Наследник Тавриды — страница 30 из 86

Графиня Гурьева не была простушкой и тоже предпочла бы подождать. Но мысль, будто кто-то успеет украсть у нее из-под носа «нильские воды», чуть только разлив спадет, сводила Авдотью Петровну с ума. Ей снился кринолин на излете и ажурная пена с блестками солнечной пыли. Наутро госпожа градоначальница решилась и, не сказав мужу ни слова, взяла полтысячи рублей ассигнациями. Бумажки плотно похрустывали у нее в ридикюле, когда коляска катилась по проспекту. Мадам Томазини встретила клиентку с почти турецким подобострастием. Но, скользнув глазами по шеренгам платьев, Авдотья Петровна не увидела шедевра. Сердце ее сжалось.

— А где туалет а-ля масленичный карнавал? — рассеянно осведомилась она, тая невольный трепет.

— Ах, мадам, как жаль, что вы приехали только сегодня, — прозвучал роковой ответ. — Ее сиятельство госпожа графиня послала за ним вчера вечером.

Гурьева едва не уронила ридикюль.

— Без примерки? — Ее губы изогнулись.

— Она сказала, что горничные подгонят. И заплатила вперед за лучший наряд, который пришлют в следующем месяце.

Ноги Авдотьи Петровны подкосились. Эта женщина не просто опередила ее! Она позаботилась о том, чтобы и впредь иметь фору перед соперницами! Неслыханно!

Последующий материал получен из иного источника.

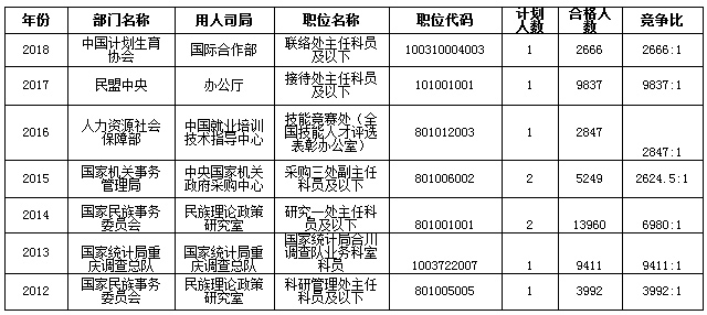 最后從最熱職位競爭比來看,目前依然是中國計劃生育協(xié)會國際合作部聯(lián)絡(luò)處主任科員及以下(職位代碼100310004003)一職競爭比最高,為2666:1,相對于近7年其他職位的數(shù)據(jù)而言,柔和了很多,已經(jīng)不再是萬里挑一的局面了。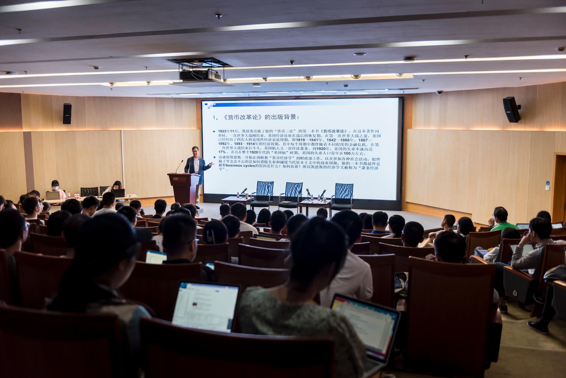 张军教授随后做了简短发言。他首先回顾了求学时凯恩斯的宏观经济学对老一代中国经济学家的深刻影响,然后介绍了凯恩斯的《通论》所展示的宏观分析的思想。在此基础上,他分析了世界经济目前面临的基本问题以及凯恩斯的宏观分析的思想对我们当代的启示。第一,凯恩斯的主要贡献之一是把市场预期、尤其是企业家的预期引入到宏观经济分析中。凯恩斯认为,经济短期波动很大程度上受到市场预期的支配。中国当前的宏观政策在市场预期管理方面需要做得更好。第二,凯恩斯著作的核心主题是管理总需求。而当今我们所处的时代就是需求的持久低迷。日本、美国、欧洲等发达经济体出于不同的原因,均存在总需求不足的问题,他总结说,日本是由于进入“低欲望社会”;美国是由于财富和收入分配恶化引发社会撕裂和政治撕裂;欧洲则是由于劳动力市场无法出清,存在长期高失业和政府债务问题——真可谓不幸的家庭各有各的不幸。第三,中国在当下也要高度重视管理市场预期和管理有效需求这两个重要问题。而全球面对低迷的总需求这一难题,传统货币政策已经超越底线,甚至现代货币论(MMT)大行其道,正在颠覆我们的认知。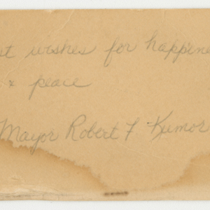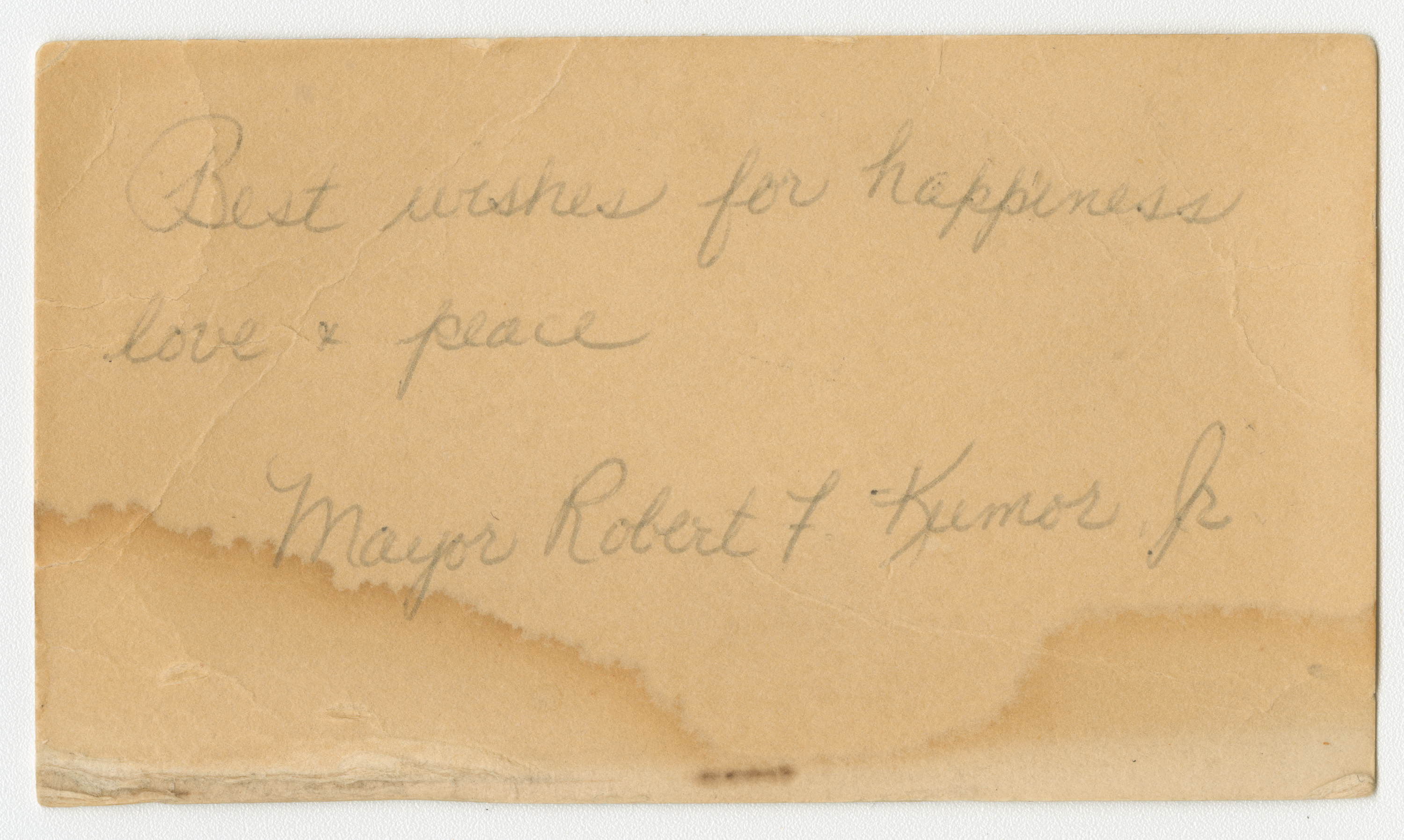 Gift card: "Best wishes for happiness love & peace. Mayor Robert F. Kumor Jr."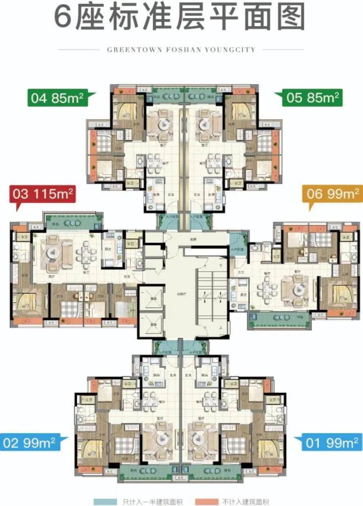 【6栋户型】85方三房、99方横厅三房、99方竖厅三房、115方四房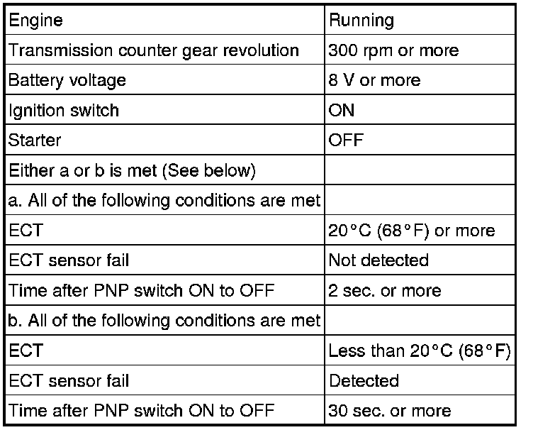 The TCM assumes that the vehicle is being driven when the transmission counter gear indicates more than 300 rpm and over 30 seconds have passed since the park/neutral position switch was turned off. If there is no signal from the vehicle speed sensor with these conditions satisfied, the TCM concludes that the vehicle speed sensor is malfunctioning. The TCM will turn on the MIL and a DTC will be set.

Время шло к утреннему чаю. В египетской гостиной графини Ланжерон собралась милейшая компания. Сама хозяйка, графиня Роксана Эделинг, урожденная Струдза, жена обер-гофмейстера Саксен-Веймарского двора, и визитировавший чету Ланжеронов Филипп Филиппович Вигель. Невинно шутили, мыли кости соседям. Как вдруг за окном застучали колеса, послышался стук отворяемых лакеями дверей, шум атласных юбок на лестнице, и в комнату влетела госпожа Гурьева с красными пятнами на щеках.

— Что с вами, милочка? — воскликнула Роксана, поднимаясь ей навстречу. — На вас лица нет!

— Нет лица?! — истерично расхохоталась Авдотья Петровна. — А скоро на всех нас не будет платьев!

С этими загадочными словами она упала в кресло и испустила дух, точно собиралась в райские кущи.

Хозяйка была шокирована, но, замкнутая и чуть диковатая от природы, не смогла произнести ничего членораздельного.

— Подайте воды! — Мадам Эделинг энергично позвонила в колокольчик.

А Филипп Филиппович на правах старого друга четы Гурьевых приблизился к обессиленной гостье и пощупал ей пульс.

— Что стряслось, ваше сиятельство? — участливо осведомился он. — Грабеж? Пожар? Ненастье?

— Грабеж! Бесстыдный. Наглый. Среди бела дня! — Авдотья Петровна залпом осушила стакан и немного пришла в себя. Она походила на сердитую кошку, которая шипит и выпускает когти из подушечек.

Вигель отступил, сел на стул и с затаенным смешком уставился на градоначальницу. Какими впечатлительными женщины становятся за порогом тридцати! Тут и мигрени, и истерики, и мужья-мерзавцы, и охладевшие любовники, и предательницы-подруги…

— Пока вы нижете бисер, — воинственно мяукнула Гурьева, — эта… la petit Worontsoff скупила все приличные туалеты нынешнего сезона и потребовала, чтобы ей доставлялись новые парижские платья, прежде чем их выставят на продажу!

Последнее было неправдой. Но потрясло собравшихся до глубины души. Дамы вскрикнули. Неслыханная наглость! Они не станут ходить в обносках наместницы!

— Это неприлично, — сказала Роскана Эделинг, наклонив вперед коровью голову на короткой шее, точно собиралась бодаться. Фрейлина высочайшего двора, она не отличалась красотой, но слыла настолько умной, что сам император Александр удостаивал ее бесед. — Мне казалось, что графиня лучше воспитана. Супруге генерал-губернатора не пристало…

— Воспитана? Кто говорит о воспитании? — взвилась до сих пор молчавшая госпожа Ланжерон. Необщительная и мрачная, она редко подавала голос, но уж если высказывалась, то с крайним ожесточением. — Деревенская дурочка, которую его сиятельство вытянул из Богом забытой глуши под Белой Церковью!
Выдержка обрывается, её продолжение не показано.